Eventually, Brookes said, she moved out of the house and she summoned the man for support for herself and children. Determined not to support her, he promptly started divorce proceedings, to which Brookes had no objections.

She is now living with someone else and he has had several other partners since.

“And is the same thing he doing the woman he with he beat she and break she hand and he was sentenced to one year in prison but he only serve six months. …She still living with he and he does beat she,” the woman said.

But he would not leave Brookes alone and had even confronted her and her partner on one occasion, which resulted in all three of them being charged. He failed to attend court and the matters were eventually dismissed.

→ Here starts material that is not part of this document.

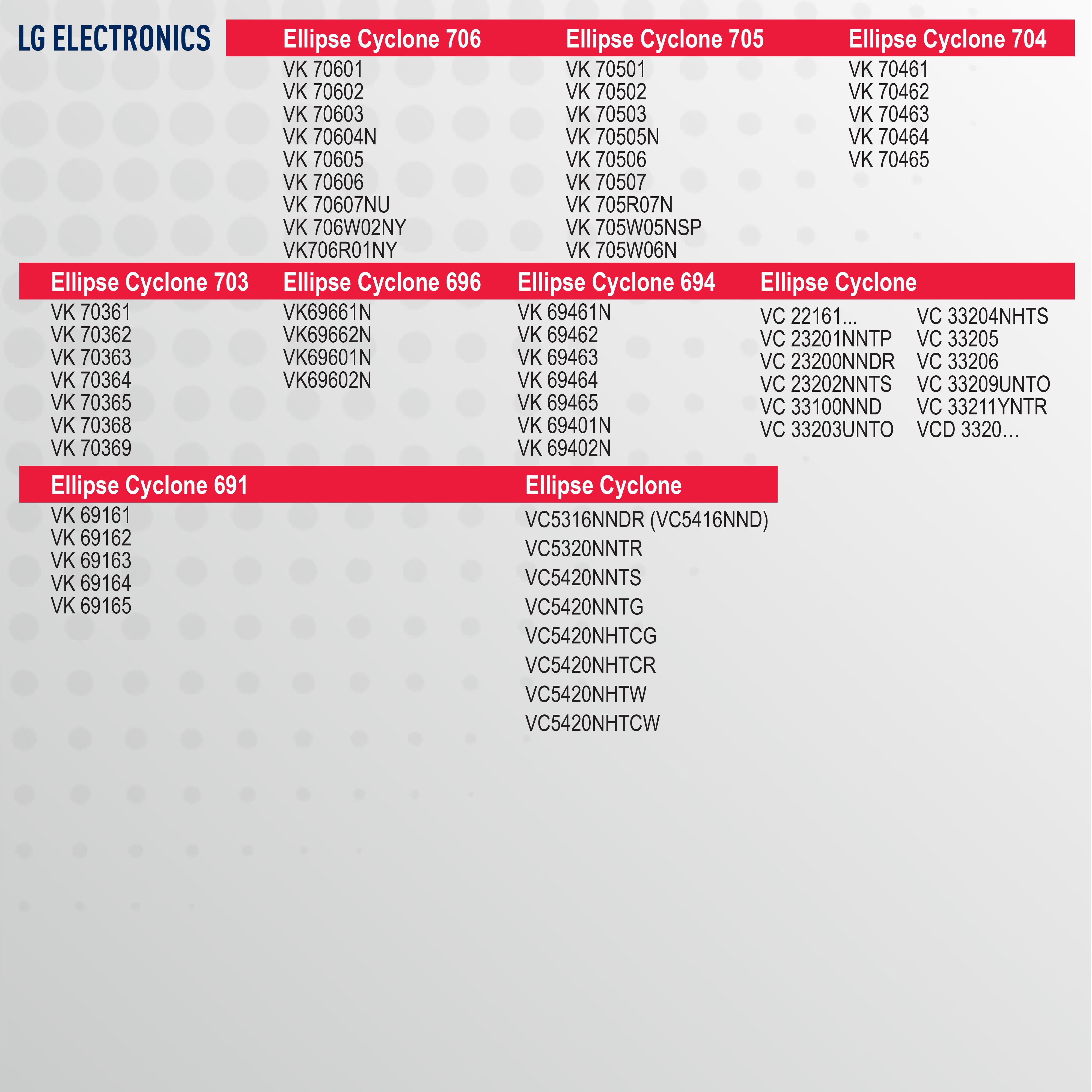 Описание: HEPA - фильтр для пылесосов LG: Ellipse Cyclone 703: VK70361, VK70362, VK70363, VK70364, VK70365, VK70368, VK70369; Ellipse Cyclone 691: VK69161, VK69162, VK69163, VK69164, VK69165; Ellipse Cyclone 694: VK69461N, VK69462, VK69463, VK69464, VK69465, VK69401N, VK69402N; Ellipse Cyclone 696: VK69661N, VK69662N, VK69601N, VK69602N; Ellipse Cyclone 705: VK70501, VK70502, VK70503, VK70505N, VK70506, VK70507, VK705R07N, VK705W05NSP, VK705W06N; Ellipse Cyclone 706: VK70601, VK70602, VK70603, VK70604N, VK70605, VK70606, VK70607NU, VK706W02NY, VK706R01NY; Ellipse Cyclone: VC 22161, VC23201NNTP, VC23200NNDR, VC23202NNTS, VC33100NND, VC33203UNTO, VC33204NHTS, VC33205, VC33206, VC33209UNTO, VC33211YNTR, VCD3320, VC5316NNDR (VC5416NND), VC5320NNTR, VC5420NNTS, NNTG, NHTCG, NHTCR, NHTW, NHTCW (оригинальный тип ADQ73393405) Фильтр для пылесоса обладает высшей степенью фильтрации, обеспечивает удаление пыли благодаря специальным свойствам фильтрующего материала. Этот незаменимый аксессуар для дома помогает избавиться от клещей, бактерий, паразитов, микроорганизмов и пыльцы, препятствуя возникновению и развитию заболеваний (кожа, аллергия, простудные заболевания). Уборка дома принесёт больше удовольствия и эффекта, если в Вашем пылесосе установлен новый фильтр. Topperr - недорогие товары для квартиры, дома, дачи, офиса европейского качества!

“But every time is a story. Every time he see me, he have something to say…,” Brookes said. Just two weeks ago, she said, he showed her partner “a long knife and tell he it is fuh me and that three people have to dead.”

Through the courts, he pays child support of $2,000 a week per child. She has attempted to have the money increased but has been told by the court that she has to seek the services of a lawyer.

“It is not easy because we live in the same village and I does really be scared for my life. I am like a prisoner because this man don’t want leave me alone,” Brookes said.

Her only wish is to live in peace and not have to worry about a “deranged” ex-husband who does not want her to have a life of her own.